### EXTRACTED INFORMATION ###
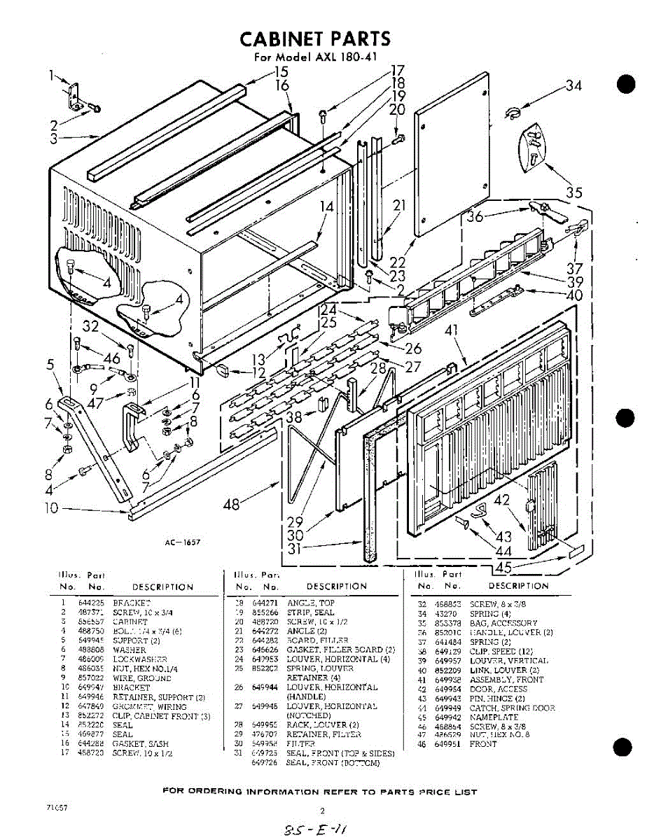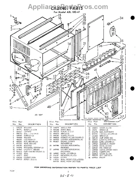 Parts for Whirlpool AXL18041: 02 - Cabinet Parts
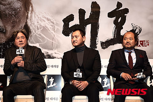 170억 원이 투입된 대작이자 12월 성수기 극장가에서 ‘히말라야’와 경쟁할 박훈정 감독의 신작 ‘대호’가 10일 압구정CGV에서 제작발표회를 열고 조선의 마지막 호랑이를 대형 스크린에 공개했다. 이날 행사에는 배우 최민식(53), 정만식(40), 김상호(45)와 박훈정(41) 감독이 참석했다.
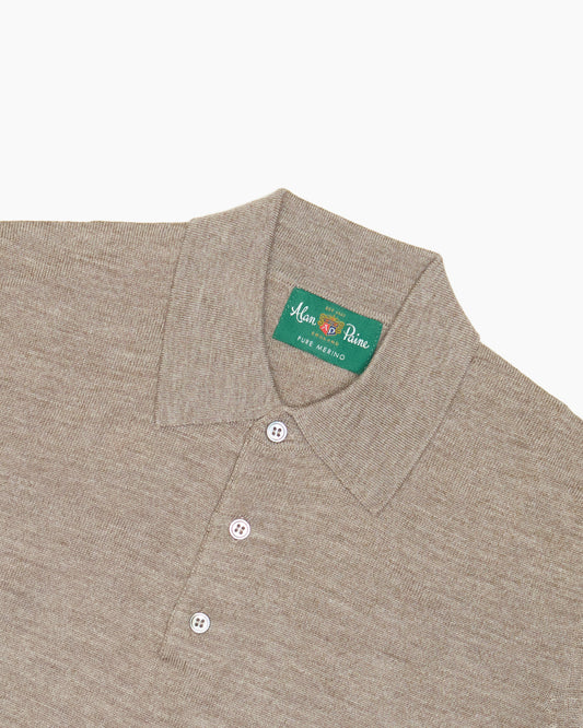 Mushroom Hindhead Merino Wool Polo Shirt
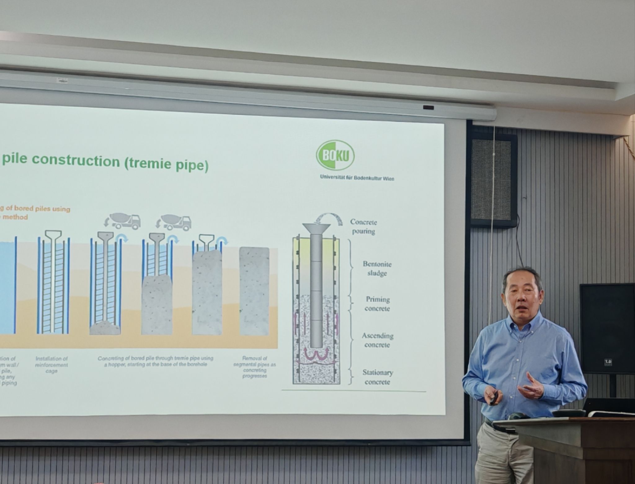 4月21日上午,吴伟教授为师生作题为“Recent study on quality of bored piles”的学术报告,介绍了团队在过去十年中关于新拌混凝土泌水问题的研究工作,重点分享了灌注桩中混凝土孤立波的试验验证及数学解析的研究成果。报告结束后,与会师生与吴伟教授围绕相关学术问题进行深入探讨。
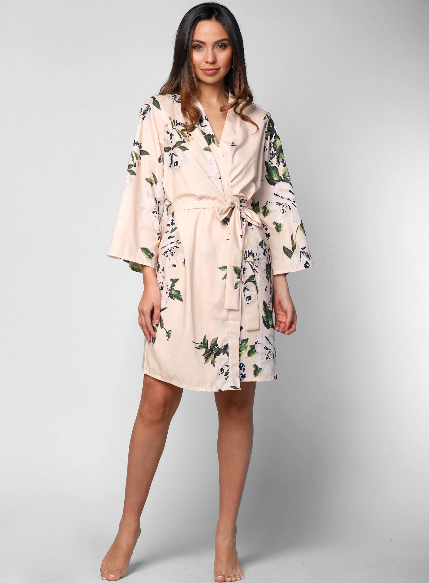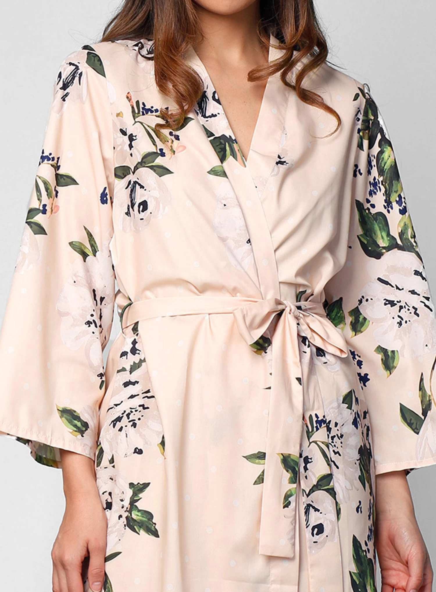 The Arles Gardenia Print Robe is a beautiful robe from Samantha Rose. A wrap style featuring a gorgeous floral and polka dot pattern throughout.
###
» **EXERCISE DETAILS**: From the first line of the records down through the line containing "study on quality", transcribe exactly those lines and no others, both ends kept, pictures dropped.

» **RESPONSE FOR THIS EXERCISE**:
 Parts for Whirlpool AXL18041: 02 - Cabinet Parts
 170억 원이 투입된 대작이자 12월 성수기 극장가에서 ‘히말라야’와 경쟁할 박훈정 감독의 신작 ‘대호’가 10일 압구정CGV에서 제작발표회를 열고 조선의 마지막 호랑이를 대형 스크린에 공개했다. 이날 행사에는 배우 최민식(53), 정만식(40), 김상호(45)와 박훈정(41) 감독이 참석했다.
 Mushroom Hindhead Merino Wool Polo Shirt
 4月21日上午,吴伟教授为师生作题为“Recent study on quality of bored piles”的学术报告,介绍了团队在过去十年中关于新拌混凝土泌水问题的研究工作,重点分享了灌注桩中混凝土孤立波的试验验证及数学解析的研究成果。报告结束后,与会师生与吴伟教授围绕相关学术问题进行深入探讨。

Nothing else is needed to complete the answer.